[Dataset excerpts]
——————
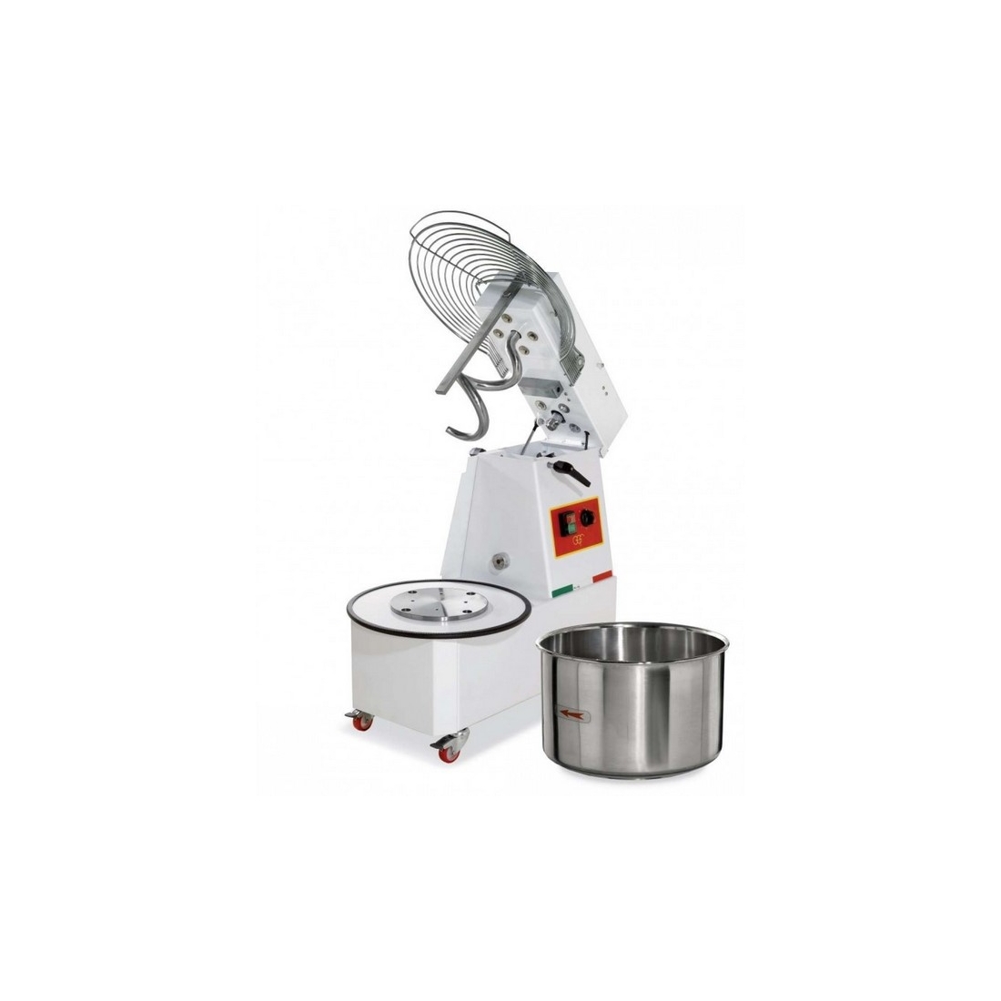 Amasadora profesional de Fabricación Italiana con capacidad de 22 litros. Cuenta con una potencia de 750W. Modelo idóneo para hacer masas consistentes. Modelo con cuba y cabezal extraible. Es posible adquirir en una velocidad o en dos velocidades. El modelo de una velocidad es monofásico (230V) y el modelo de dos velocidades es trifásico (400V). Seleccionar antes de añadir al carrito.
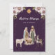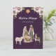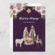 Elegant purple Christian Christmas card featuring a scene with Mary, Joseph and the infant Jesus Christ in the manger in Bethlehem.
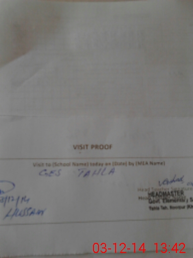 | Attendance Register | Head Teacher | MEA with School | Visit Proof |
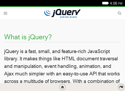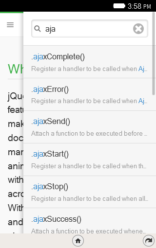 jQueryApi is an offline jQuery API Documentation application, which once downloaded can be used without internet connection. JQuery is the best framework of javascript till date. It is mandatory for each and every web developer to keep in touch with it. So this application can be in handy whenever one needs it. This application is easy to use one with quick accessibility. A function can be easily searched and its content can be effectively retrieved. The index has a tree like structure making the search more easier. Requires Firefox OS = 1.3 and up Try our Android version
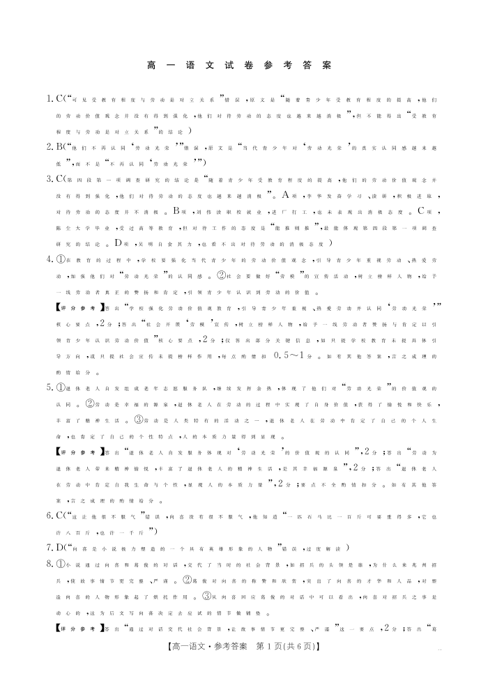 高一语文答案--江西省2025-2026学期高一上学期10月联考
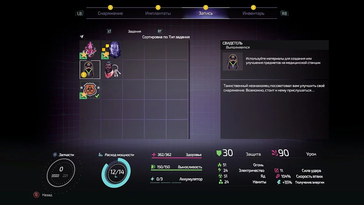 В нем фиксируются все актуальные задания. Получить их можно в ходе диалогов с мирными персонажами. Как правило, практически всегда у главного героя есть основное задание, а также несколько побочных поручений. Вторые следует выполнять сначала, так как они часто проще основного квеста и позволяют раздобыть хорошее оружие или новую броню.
——————
[ACTION ITEM]
Could you return exactly the lines starting with the one that contains "高一语文答案--江西省2025-2026学期高一上学期10月联考" and ending with the last line of the data above? Leave the pictures out.

[SOLVED PROBLEM]
 高一语文答案--江西省2025-2026学期高一上学期10月联考
 В нем фиксируются все актуальные задания. Получить их можно в ходе диалогов с мирными персонажами. Как правило, практически всегда у главного героя есть основное задание, а также несколько побочных поручений. Вторые следует выполнять сначала, так как они часто проще основного квеста и позволяют раздобыть хорошее оружие или новую броню.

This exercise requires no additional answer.